> [Task objective]
Print exactly and only the lines that run from the one containing "Fry spring onions" through the end of the material, please, omitting pictures.

> [Data]

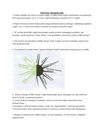 Surowce energetyczne 1. Gdzie znajduje się więcej czystego węgla: w jednej tonie węgla kamiennego zawierającego 85% tego pierwiastka, czy w 1,5 tony węgla brunatnego zawartości 65 % węgla? 2.Napisz równania trzech reakcji jakie mogą zachodzić podczas pełnego i półpełnego spalania węgla. Czy w czasie tych reakcji wydziela się energia na sposób ciepła? 3. W wyniku przeróbki węgla kamiennego można uzyskać następujące produkty: gaz świetlny, smołę pogazową i koks. Które z tych produktów stosowane są jako źródła energii? 4. Jak nazywa się największe źródło energii, które wydaje się niewyczerpalna, chociaż jest stale eksploatowane? 5. Na podstawie rysunku omów ujemne dodatnie skutki emitowania energii przez to źródło. 6. Wskaż, którego źródła energii: węgla kamiennego, gazu ziemnego czy ropy naftowej, dotyczy każdy z poniższych opisów: 1) wylew podczas transportu wodnego a nawet wyciek powoduje zniszczenie życia biologicznego; 2) pociąga za sobą dewastację gruntu i wiąże się z katastrofami, w których giną ludzie; 3) stwarza bardzo duże zagrożenie pożarowe zarówno w stanie lotnym jak skroplonym. 7. Biogaz to alternatywne źródło energii i to tym cenniejsze, że wytwarzane z odpadów organicznych. Wiedząc, że zawartość metanu CH4 w biogazie wynosi 70 % objętościowych, dwutlenku węgla CO2 około 30 % oblicz: ile m3 dwutlenku węgla znajduje się 25 m3 biogazu wytworzonego w ciągu doby na fermie. 8. Biogaz otrzymywany z osadu powstałego w oczyszczalni ścieków zera około 15 % toksycznej substancji A o charakterystycznym zapachu zepsutych jaj. Podczas spalania tworzy ona kolejną toksyczną substancję B i wzory substancji A i B. 9. Ile palnych składników zawiera gaz świetlny składający się z wodoru, tlenku węgla, węglowodorów, azotu i dwutlenku węgla? 10. Napisz równanie reakcji całkowitego spalania tego węglowodoru, którego nie ma w gazie ziemnym „suchym”, ale którego pary znajdują się w gazie „mokrym”. 11. W 5 dm3 pewnego gazu ziemnego zawarte jest 4500 cm3 metanu, 250 cm3 etanu, 180 cm3 dwutlenku węgla i 70 cm3 helu. Podaj skład procentowy tego gazu ziemnego. 12. W pomieszczeniu opalanym gazem ziemnym stwierdzono obecność tlenku węgla(II) CO. Co mogło być przyczyną tego, że gaz spalał się niecałkowicie? Napisz równanie reakcji spalania głównego składnika gazu ziemnego, gdy produktem jest ten tlenek zwany czadem. 13. Niektóre gatunki gazu ziemnego są „zasiarczone”, ponieważ zawierają siarkowodór lub dwutlenek siarki. Czy przepuszczenie takiego gazu przez płuczkę z wodą wapienną usunęłoby z niego związki siarki? Odpowiedź uzasadnij za pomocą odpowiednich równań reakcji. 14. Podaj równania reakcji, jakie zachodzą podczas pełnego spalania paliwa z butli turystycznej, składającego się z mieszaniny propanu C3H8 i butanu C4H10, 15. W wyniku destylacji frakcjonowanej ropy naftowej można uzyskać następujące produkty: benzynę, naftę, oleje, asfalt. Które z tych produktów stosowane są jako źródła energii?
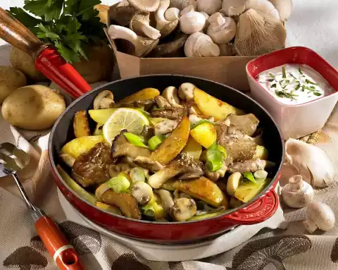 Fry spring onions and mushrooms in it. Deglaze with wine and stock, stir in herbs from Provence and let it boil down for about 3 minutes. Fold in the potatoes and season to taste with salt, pepper and a few drops of lemon juice.
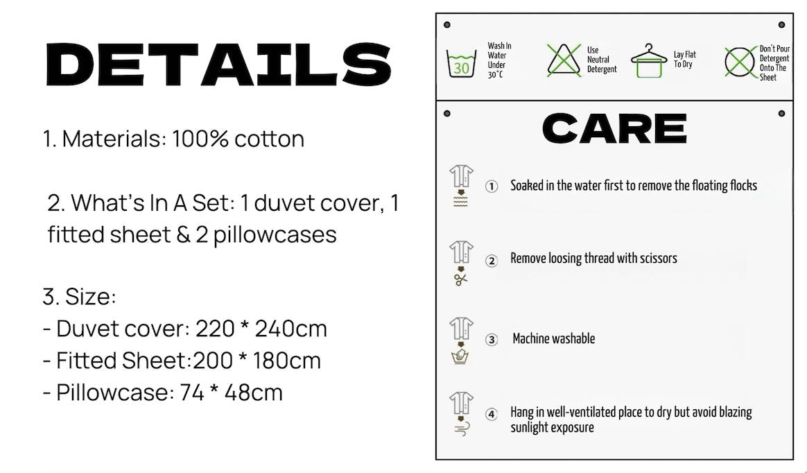 - Komplektacija: 1 antklodės užvalkalas, 2 pagalvių užvalkalai, 1 dovaninė paklodė su guma

> [Written solution]
 Fry spring onions and mushrooms in it. Deglaze with wine and stock, stir in herbs from Provence and let it boil down for about 3 minutes. Fold in the potatoes and season to taste with salt, pepper and a few drops of lemon juice.
 - Komplektacija: 1 antklodės užvalkalas, 2 pagalvių užvalkalai, 1 dovaninė paklodė su guma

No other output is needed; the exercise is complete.